家族に引きこもりの人が受け止められたという安堵感は、家族からの要求を受け入れる余地を作り出し、ある意味信頼して何か困ったことがあればここぞという時に気軽に話し合える信頼関係を築くことになります。

 

 

こうした関係性が、親子の会話のあり方を考えていくうえで欠かせないものとなります。
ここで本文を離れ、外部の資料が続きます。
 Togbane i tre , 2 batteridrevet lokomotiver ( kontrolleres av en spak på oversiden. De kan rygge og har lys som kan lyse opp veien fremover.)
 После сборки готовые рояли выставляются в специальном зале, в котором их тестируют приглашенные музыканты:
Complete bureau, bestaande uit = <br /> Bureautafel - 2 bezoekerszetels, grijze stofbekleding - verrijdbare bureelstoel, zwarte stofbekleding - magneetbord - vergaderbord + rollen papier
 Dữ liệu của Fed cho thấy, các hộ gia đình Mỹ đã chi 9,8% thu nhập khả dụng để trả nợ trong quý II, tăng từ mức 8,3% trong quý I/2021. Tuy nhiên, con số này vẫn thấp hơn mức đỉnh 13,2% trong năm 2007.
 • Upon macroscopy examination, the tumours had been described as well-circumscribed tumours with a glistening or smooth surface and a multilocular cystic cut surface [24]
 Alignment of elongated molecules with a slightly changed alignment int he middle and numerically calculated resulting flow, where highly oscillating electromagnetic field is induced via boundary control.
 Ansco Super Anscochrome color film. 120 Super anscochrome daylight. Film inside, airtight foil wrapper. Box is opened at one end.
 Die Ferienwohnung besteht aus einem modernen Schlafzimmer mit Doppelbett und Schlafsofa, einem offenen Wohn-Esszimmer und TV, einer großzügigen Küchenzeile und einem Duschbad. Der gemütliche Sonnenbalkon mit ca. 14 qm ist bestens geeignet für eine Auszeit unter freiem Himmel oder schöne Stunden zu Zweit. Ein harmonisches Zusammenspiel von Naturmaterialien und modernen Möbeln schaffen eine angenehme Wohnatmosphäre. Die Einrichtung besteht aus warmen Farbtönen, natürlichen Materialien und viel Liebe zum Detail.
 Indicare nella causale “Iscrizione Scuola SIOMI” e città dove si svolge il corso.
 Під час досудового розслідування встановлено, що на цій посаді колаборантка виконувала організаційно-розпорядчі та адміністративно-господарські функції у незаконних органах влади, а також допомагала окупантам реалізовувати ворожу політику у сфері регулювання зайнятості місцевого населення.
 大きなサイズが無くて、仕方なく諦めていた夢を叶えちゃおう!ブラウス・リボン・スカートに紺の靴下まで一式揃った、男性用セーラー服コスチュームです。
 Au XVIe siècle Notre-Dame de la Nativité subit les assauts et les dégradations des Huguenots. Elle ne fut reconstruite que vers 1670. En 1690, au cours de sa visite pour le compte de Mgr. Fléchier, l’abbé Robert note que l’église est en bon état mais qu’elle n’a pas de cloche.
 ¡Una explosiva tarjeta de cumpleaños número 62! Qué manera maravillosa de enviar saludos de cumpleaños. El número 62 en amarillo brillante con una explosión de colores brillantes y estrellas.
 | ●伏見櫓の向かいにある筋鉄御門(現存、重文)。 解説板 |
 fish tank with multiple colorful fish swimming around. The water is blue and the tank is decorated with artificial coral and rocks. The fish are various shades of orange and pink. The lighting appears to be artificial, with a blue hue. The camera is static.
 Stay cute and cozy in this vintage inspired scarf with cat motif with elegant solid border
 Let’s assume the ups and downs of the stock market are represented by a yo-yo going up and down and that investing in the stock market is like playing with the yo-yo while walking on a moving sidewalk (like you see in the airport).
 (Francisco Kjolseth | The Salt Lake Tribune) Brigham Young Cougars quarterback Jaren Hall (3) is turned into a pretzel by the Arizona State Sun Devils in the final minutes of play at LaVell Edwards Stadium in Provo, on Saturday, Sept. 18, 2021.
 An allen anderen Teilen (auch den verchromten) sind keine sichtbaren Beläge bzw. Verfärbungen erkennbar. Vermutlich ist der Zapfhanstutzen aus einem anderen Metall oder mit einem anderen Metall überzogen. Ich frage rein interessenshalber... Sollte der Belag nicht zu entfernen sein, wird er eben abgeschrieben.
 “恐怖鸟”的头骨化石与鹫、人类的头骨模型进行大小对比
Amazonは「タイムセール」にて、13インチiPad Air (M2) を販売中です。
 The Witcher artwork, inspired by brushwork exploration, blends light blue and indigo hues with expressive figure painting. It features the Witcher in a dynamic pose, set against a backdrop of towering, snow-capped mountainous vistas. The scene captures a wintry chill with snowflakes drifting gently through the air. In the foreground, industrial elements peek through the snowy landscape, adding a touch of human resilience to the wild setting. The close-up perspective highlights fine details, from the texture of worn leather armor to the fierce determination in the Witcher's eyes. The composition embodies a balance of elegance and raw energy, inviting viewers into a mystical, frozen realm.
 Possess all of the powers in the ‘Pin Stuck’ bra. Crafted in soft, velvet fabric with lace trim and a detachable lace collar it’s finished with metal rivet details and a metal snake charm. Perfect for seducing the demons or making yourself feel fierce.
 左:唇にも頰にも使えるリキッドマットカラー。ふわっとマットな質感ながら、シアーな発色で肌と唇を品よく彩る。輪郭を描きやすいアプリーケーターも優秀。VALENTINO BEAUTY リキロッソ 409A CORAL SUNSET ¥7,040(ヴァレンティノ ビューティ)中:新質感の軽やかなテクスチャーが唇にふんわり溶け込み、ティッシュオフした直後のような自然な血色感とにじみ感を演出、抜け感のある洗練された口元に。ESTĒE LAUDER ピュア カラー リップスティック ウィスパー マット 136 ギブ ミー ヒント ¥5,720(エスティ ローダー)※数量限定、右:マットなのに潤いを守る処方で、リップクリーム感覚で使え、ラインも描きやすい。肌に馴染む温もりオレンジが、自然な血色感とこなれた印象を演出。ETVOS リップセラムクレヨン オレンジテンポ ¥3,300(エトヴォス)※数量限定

また、何かにつれて引きこもりの人から家族に発せられる「うるさい」などの言動は、引きこもりの人の内面の動きと彼らを取り巻く外界との葛藤にもがき苦しむサインでもあります。

 

 

引きこもりの人が過去の親子の子育てのあり方や、教育競争に対して憤りを覚え、彼らを支える家族に強く当たってくるのも同様です。

 

 

引きこもりの人は日々の生活の中で、「こうあらねばならない自己」と「こうはなれない自己」との比較対象のもと、負い目や劣等感を抱き、内面と外界との折衝の過程で、ものすごい葛藤にもがき苦しんでいて、そのはけ口をどこかに求めています。

 

 

人との関係性が限られた環境のもとでは、その矛先は家族や壁などの物にしかどうしても当たれないのです。

 

 

だから家族はその引きこもりの人の置かれた心情を理解したうえで、その感情にダイレクトに巻き込まれない冷静さと、信頼ある専門機関などに相談することの大切さ、そしてそうした我が子の悩み苦しむ姿に共感して受け止める肯定的態度が必要となります。

 

 

家庭までもが冷たい社会や世間と同様な見方や接し方をしてしまえば、引きこもりの人にとって家庭は耐え難い針のむしろになってしまいます。

 

 

安心できる家庭環境作りは、いわば安心できるから外へ気持ちを向くことができることを意味します。家庭が引きこもりの人にとって安心できる居場所の一つになることが重要となります。